**Problem description:**
Take the entries that follow and return exactly the lines from the one holding "In what I’m" through the one holding "書寫面積:910x1800m", both included. Nothing else is needed.
━━━ Data shown
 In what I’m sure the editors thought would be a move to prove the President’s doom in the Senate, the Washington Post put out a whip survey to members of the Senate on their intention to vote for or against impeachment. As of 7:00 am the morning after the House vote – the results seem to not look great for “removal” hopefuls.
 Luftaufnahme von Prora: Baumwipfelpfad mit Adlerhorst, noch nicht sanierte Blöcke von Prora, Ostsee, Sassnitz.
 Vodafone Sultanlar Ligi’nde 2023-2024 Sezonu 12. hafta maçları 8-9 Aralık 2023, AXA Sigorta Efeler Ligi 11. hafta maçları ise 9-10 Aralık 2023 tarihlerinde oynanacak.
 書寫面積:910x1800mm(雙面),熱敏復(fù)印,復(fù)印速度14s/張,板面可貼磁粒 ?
━━━━━━
━━━ Data shown
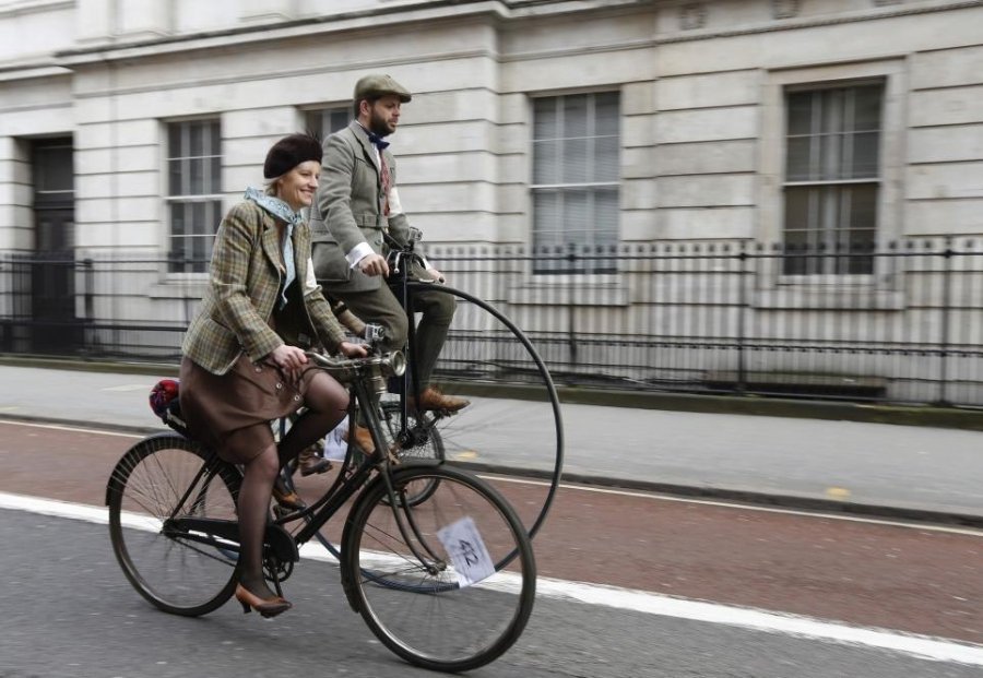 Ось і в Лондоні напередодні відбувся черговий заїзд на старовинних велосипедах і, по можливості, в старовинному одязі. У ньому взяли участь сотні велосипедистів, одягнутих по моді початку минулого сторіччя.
━━━━━━
**Exercise response:**
 In what I’m sure the editors thought would be a move to prove the President’s doom in the Senate, the Washington Post put out a whip survey to members of the Senate on their intention to vote for or against impeachment. As of 7:00 am the morning after the House vote – the results seem to not look great for “removal” hopefuls.
 Luftaufnahme von Prora: Baumwipfelpfad mit Adlerhorst, noch nicht sanierte Blöcke von Prora, Ostsee, Sassnitz.
 Vodafone Sultanlar Ligi’nde 2023-2024 Sezonu 12. hafta maçları 8-9 Aralık 2023, AXA Sigorta Efeler Ligi 11. hafta maçları ise 9-10 Aralık 2023 tarihlerinde oynanacak.
 書寫面積:910x1800mm(雙面),熱敏復(fù)印,復(fù)印速度14s/張,板面可貼磁粒 ?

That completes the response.